_What is required_
Every line from the one containing "the building maintains" to the end of the data below should be copied exactly, but pictures should not.

────────────────────

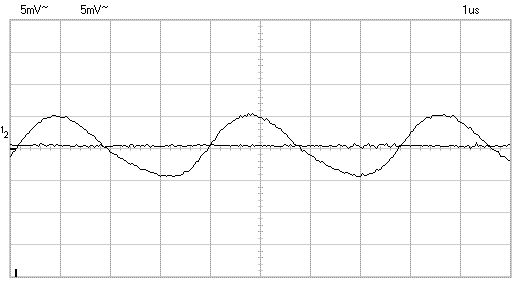 Hier der zugehörige Scopeplot. Man erkennt sehr deutlich, daß der LM7805 noch eine erhebliche Ripple Rejection bei 260kHz besitzt! Kai
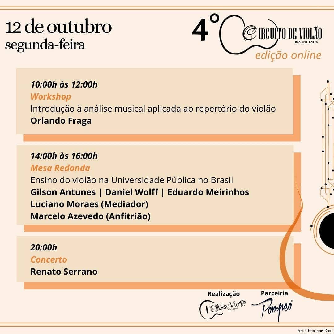 4º Circuito de Violão das Vertentes . Assovio Vertentes . Edição online . Programação completa de 12 a 16 de outubro . Ao vivo pelo Youtube . 2020
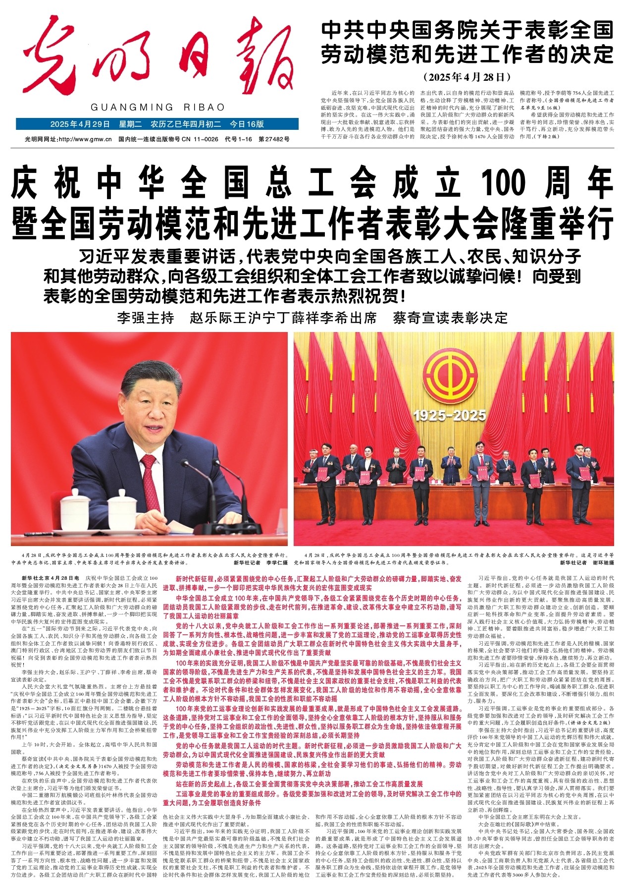 庆祝中华全国总工会成立100周年暨全国劳动模范和先进工作者表彰大会隆重举行
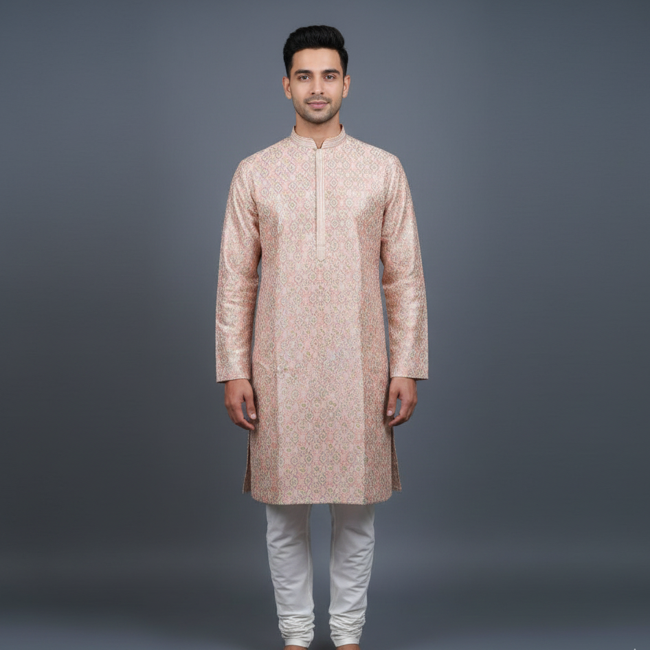 Soft, graceful, and effortlessly elegant, the Peach Satin Silk Kurta Set is designed for refined festive and occasion wear. Crafted from premium satin silk, this kurta set features a smooth, lustrous finish that drapes beautifully, giving a rich and polished look.
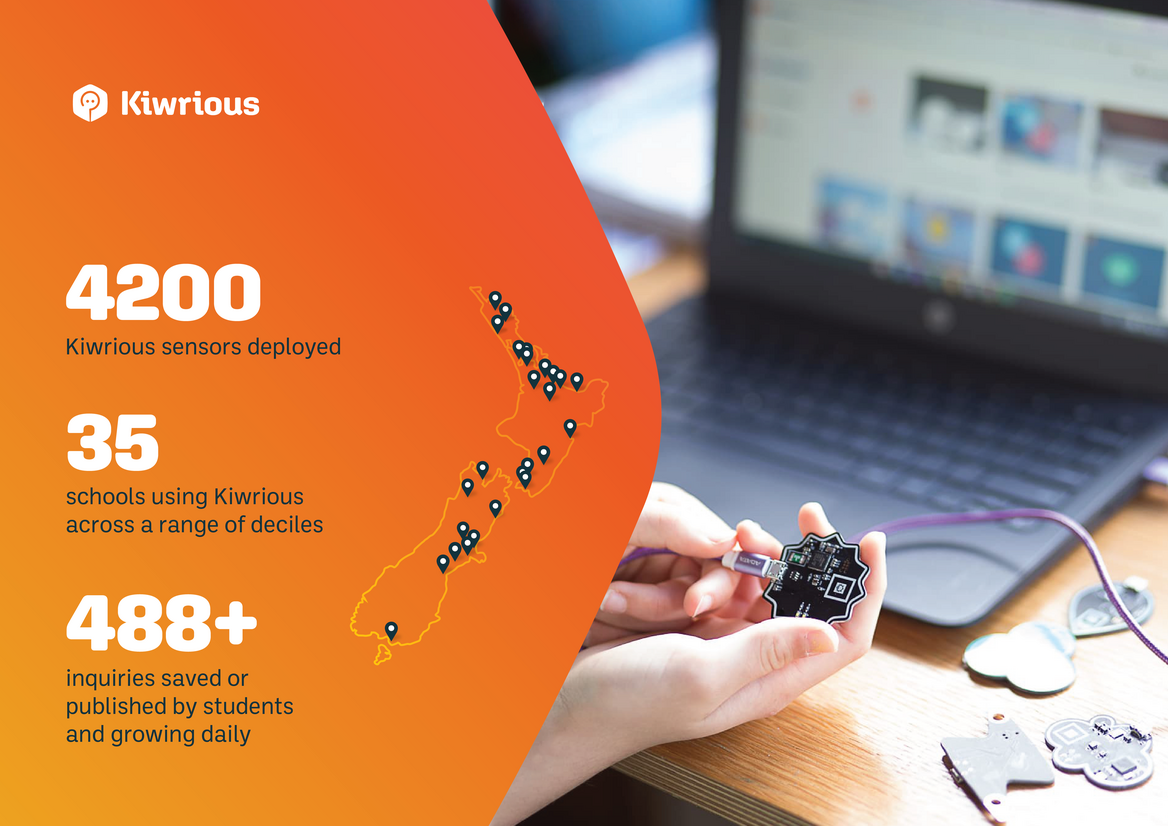 Over 4200 sensors deployed to 35 schools across New Zealand in just 18 months. Kiwrious transforms science, by promoting genuine curiosity through real-world exploration and engagement. Since it has been deployed, 488 inquiries have been saved or published by students and the number continues to grow daily.
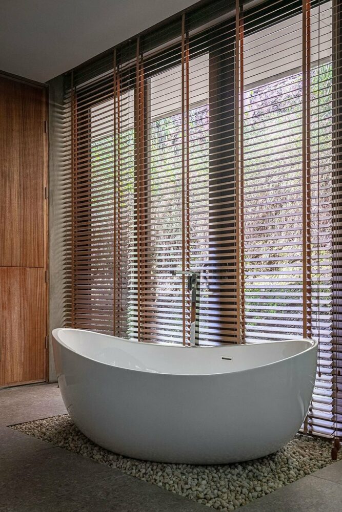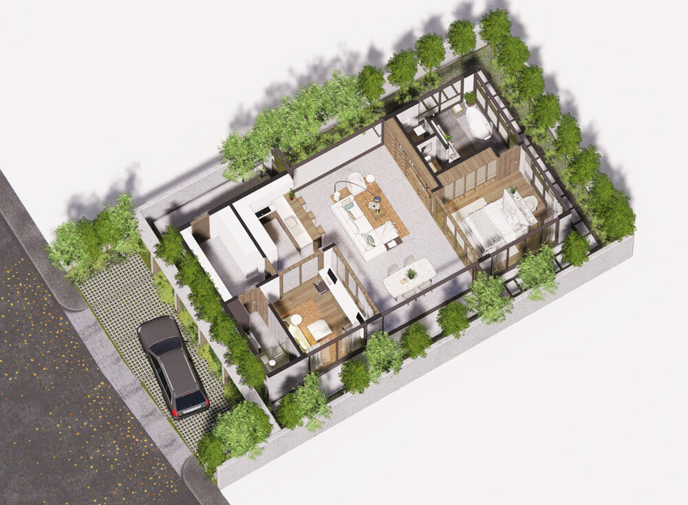 the building maintains a low profile, allowing the lush greenery to take center stage
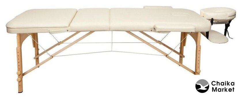Комплектация | подголовник, подлокотники, подушка-заглушка люверса для лица, полка для рук, сумка для переноски |

────────────────────

_Answer to this problem_
 the building maintains a low profile, allowing the lush greenery to take center stage
Комплектация | подголовник, подлокотники, подушка-заглушка люверса для лица, полка для рук, сумка для переноски |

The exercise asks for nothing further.